Instructions for the task.
Everything from the line with "Букет из воздушной" to the last line of the listing must be retyped exactly, both ends included, with the pictures dropped.

Listed records.
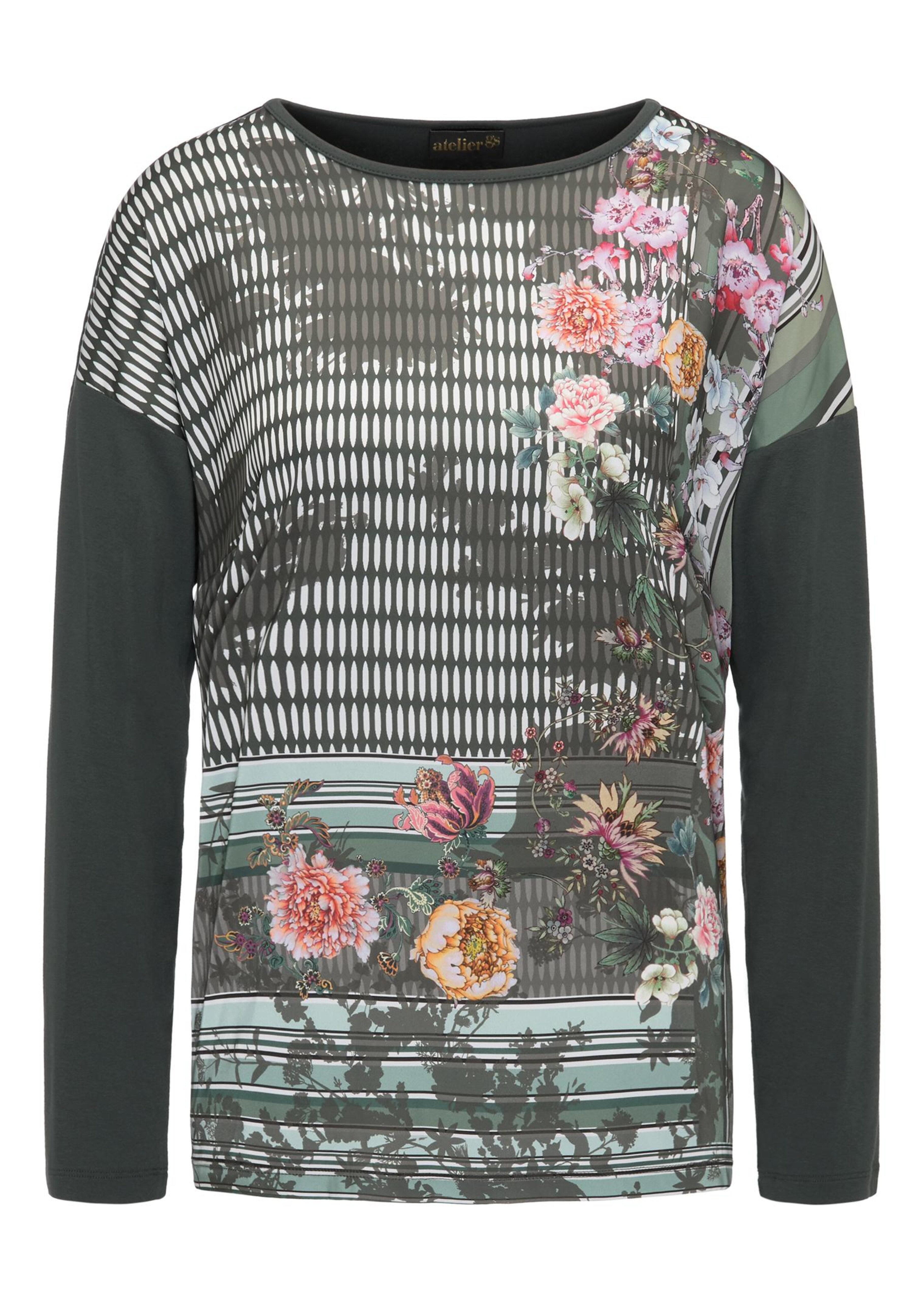 Blusenshirt mit bedruckter Webfront aus einer weich fließenden Satinware. Ärmel und Rückteil sind aus bequemer Jerseyqualität. Mit modisch überschnittenen Schultern, femininem U-Boot-Ausschnitt mit Paspelierung und Brustabnähern für gute Passform. Schöne, legere Schnittführung. Länge ca. 66 cm in Gr. 46, ca. 62 cm in Gr. 23.
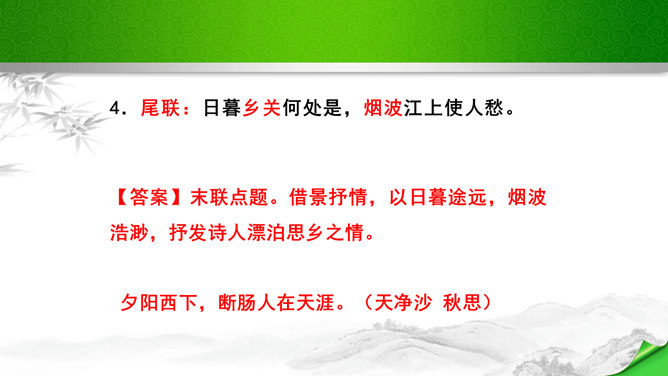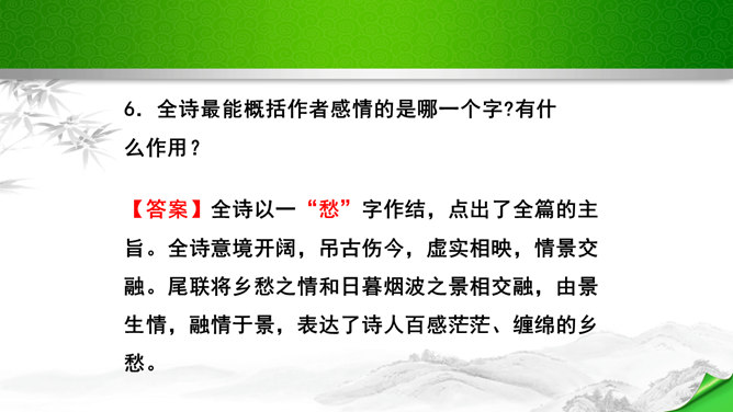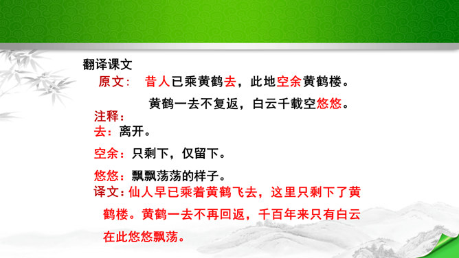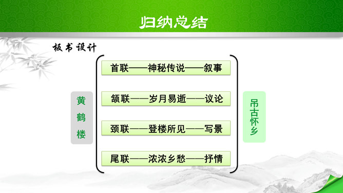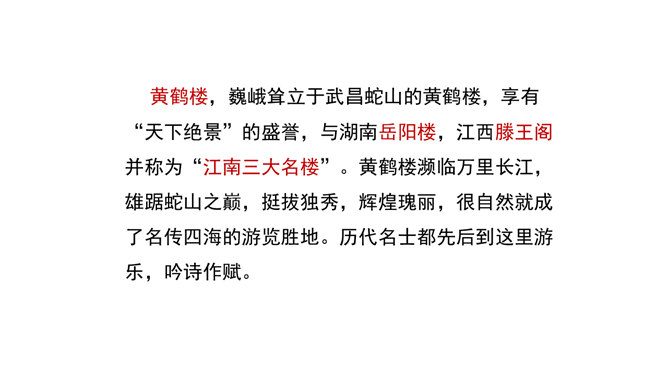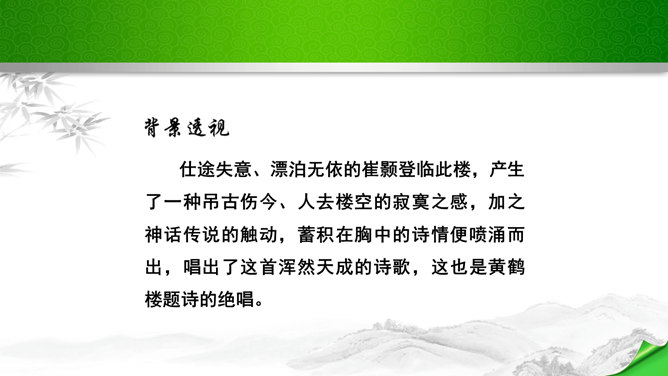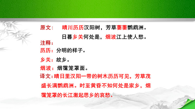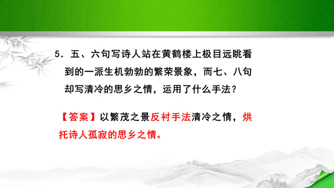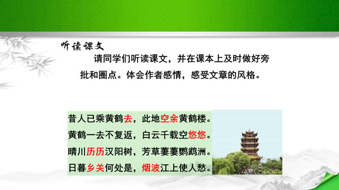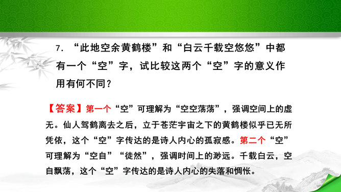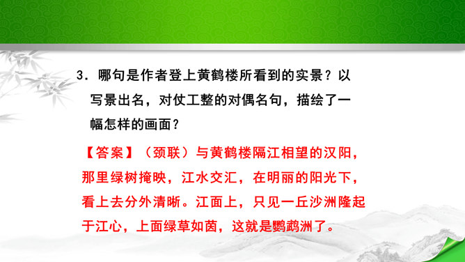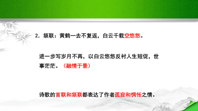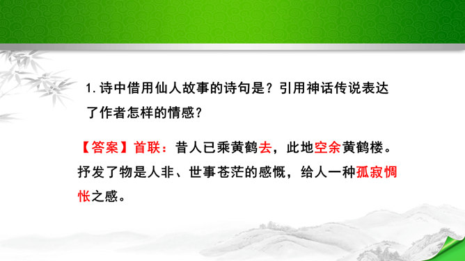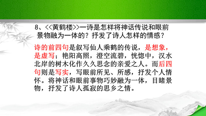 是怎样将神话传说和眼前景物融为一体的?抒发了诗人怎样的情感?诗的前四句是叙写仙人乘鹤的传说,是想象,是虚写;艳阳高照,澄空流碧,恍惚中,汉水北岸的树木化作久久思念的亲爱之人。而后四句则是写实,写眼前所见、所感,抒发个人情怀。将神话和眼前事物巧妙融为一体,目睹景物,抒发了诗人孤寂的思乡之情。这首诗首联和颔联从传说入笔,讲述“昔人”“黄鹤”,这是虚写,给人无限缥缈的感受,气势苍茫。颈联和尾联转而写楼上的所见所闻,这是实写,很自然地引起诗人浓浓的乡愁。所属专题:黄鹤楼ppt。
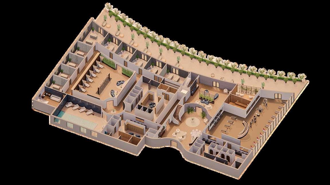 create a good system of wayfinding for guests to access all points of the property with ease need: 40 cottages (of different sizes), lobby, retail space, wine bar, restaurant, venue space
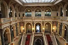 Due to the major reconstruction, the museum was closed between 7 July 2011 and 28 October 2018.[5] Seven million items had to be relocated to the museum’s depositories, in what has been dubbed the biggest moving of museum collections in Czech history.[6] In February 2019, the museum's dome was opened for the first time, which also serves as a view of Prague. The eastern courtyard was also opened and was for the first time roofed, during reconstruction. Since November 2019, the underground corridor connecting the Historical Building to the New Museum Building is newly accessible.
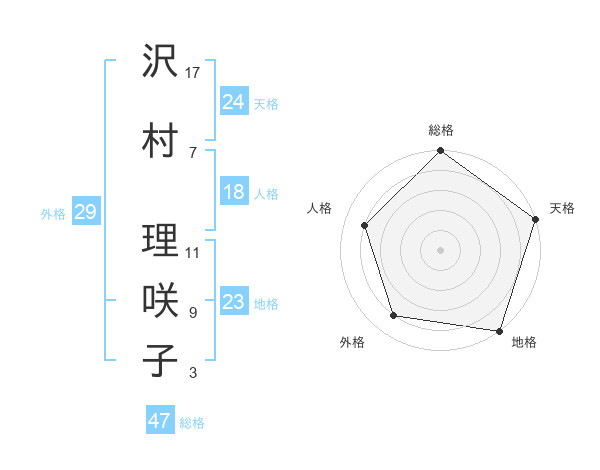 沢村 理咲子さんの総格は47画の5点!
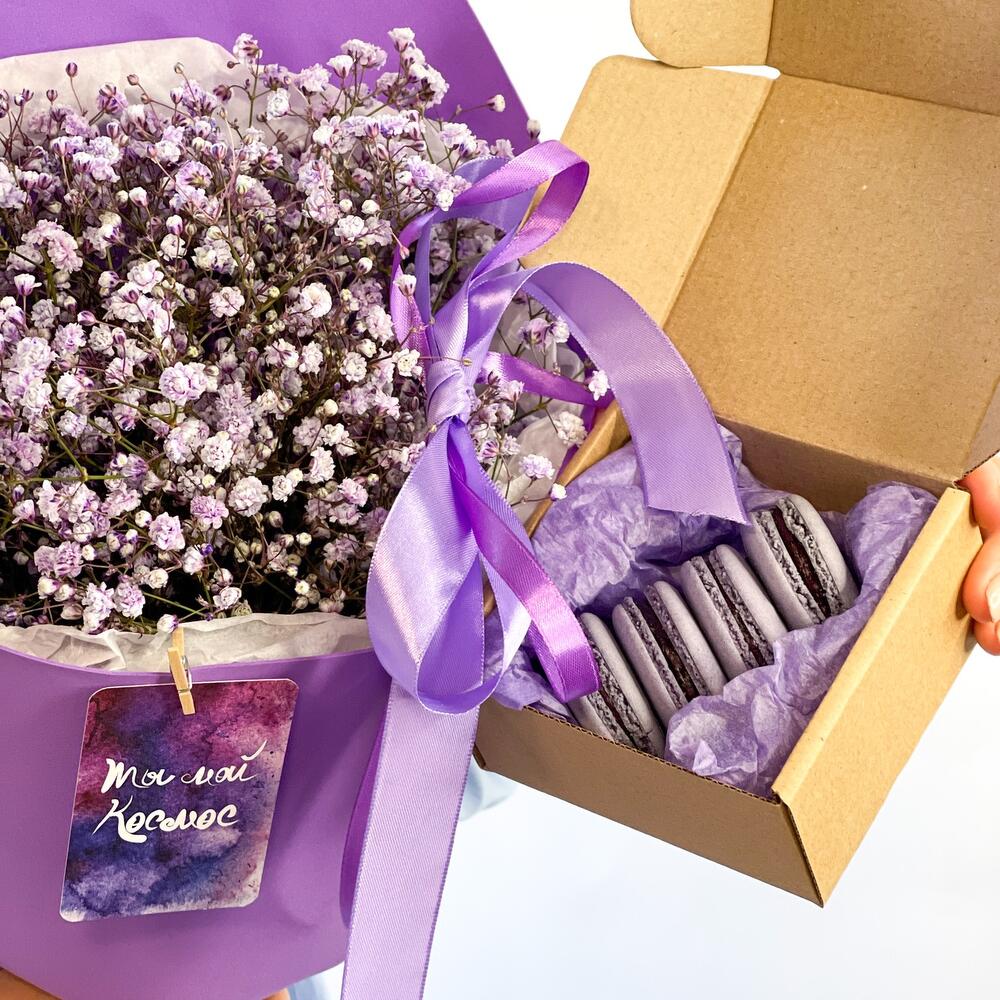 Букет из воздушной гипсофилы с макарунами «Ты мой космос “
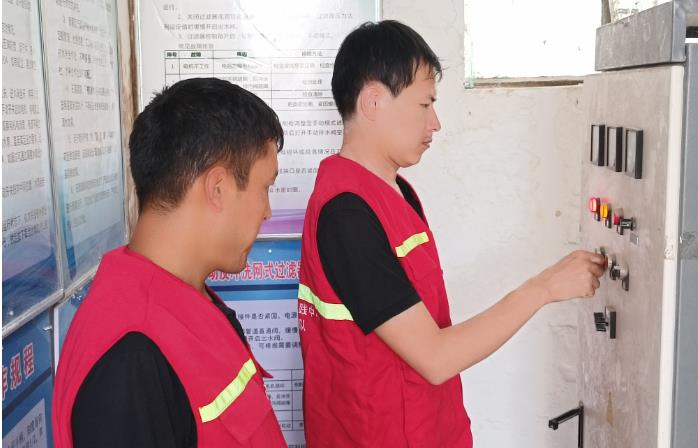 在水泵房里,志愿者和用水合作社负责人一起检查机井、配电柜等农业抽水灌溉用电设施,及时帮助解决各类安全用电隐患,同时帮忙开水泵,在农户的田块里整理滴灌带,跑前跑后忙不停,不久,清凉的水流便顺着滴灌带源源不断涌向农田,乡亲们脸上绽开了笑颜。同时,志愿者还多次深入田间地头,准确掌握农作物灌水、需水情况,“零距离”了解群众意见及灌溉需求,保证应灌尽灌。
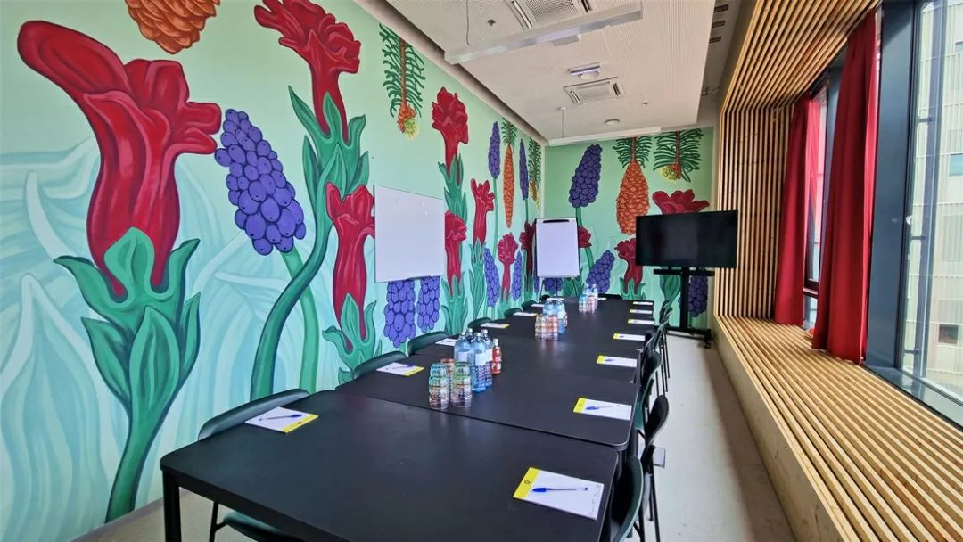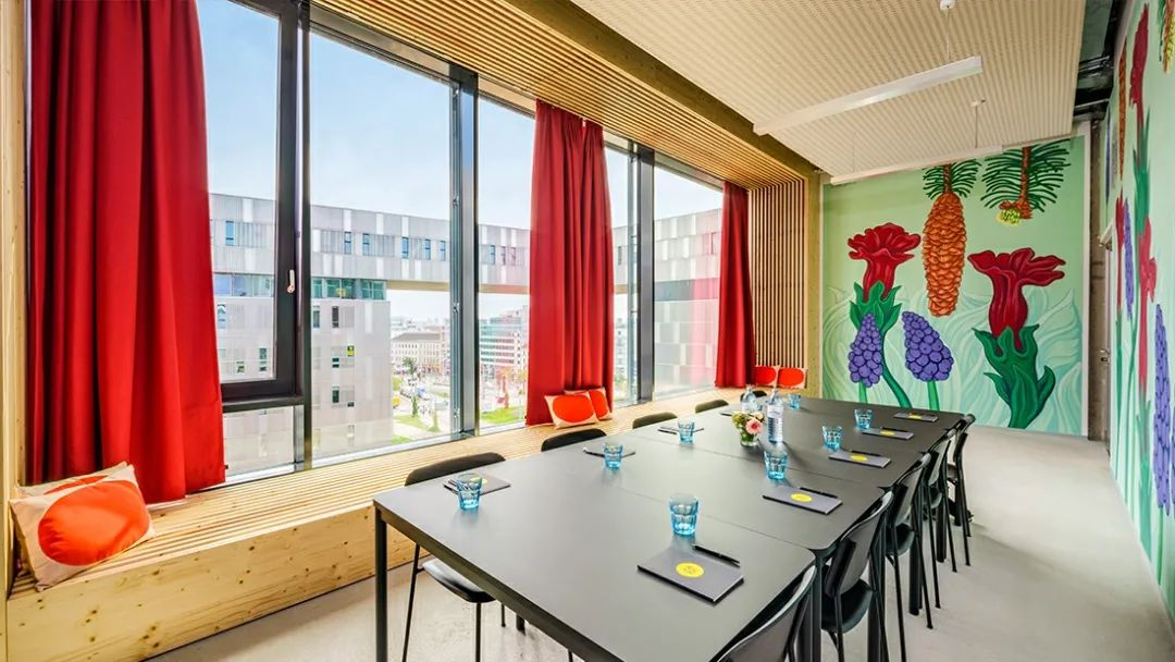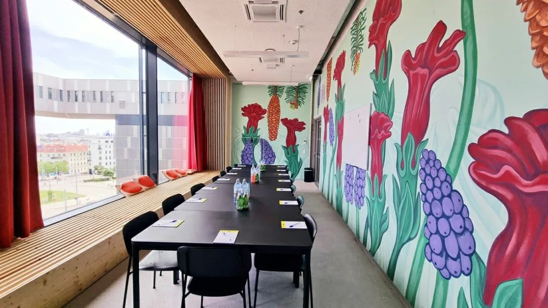 Décoration de la salle de reunion de l’auberge de jeunesse Jo and Joe de Vienne en Autriche par l’artiste brésilien Dinho Bento

Finished exercise.
 Букет из воздушной гипсофилы с макарунами «Ты мой космос “
 在水泵房里,志愿者和用水合作社负责人一起检查机井、配电柜等农业抽水灌溉用电设施,及时帮助解决各类安全用电隐患,同时帮忙开水泵,在农户的田块里整理滴灌带,跑前跑后忙不停,不久,清凉的水流便顺着滴灌带源源不断涌向农田,乡亲们脸上绽开了笑颜。同时,志愿者还多次深入田间地头,准确掌握农作物灌水、需水情况,“零距离”了解群众意见及灌溉需求,保证应灌尽灌。
 Décoration de la salle de reunion de l’auberge de jeunesse Jo and Joe de Vienne en Autriche par l’artiste brésilien Dinho Bento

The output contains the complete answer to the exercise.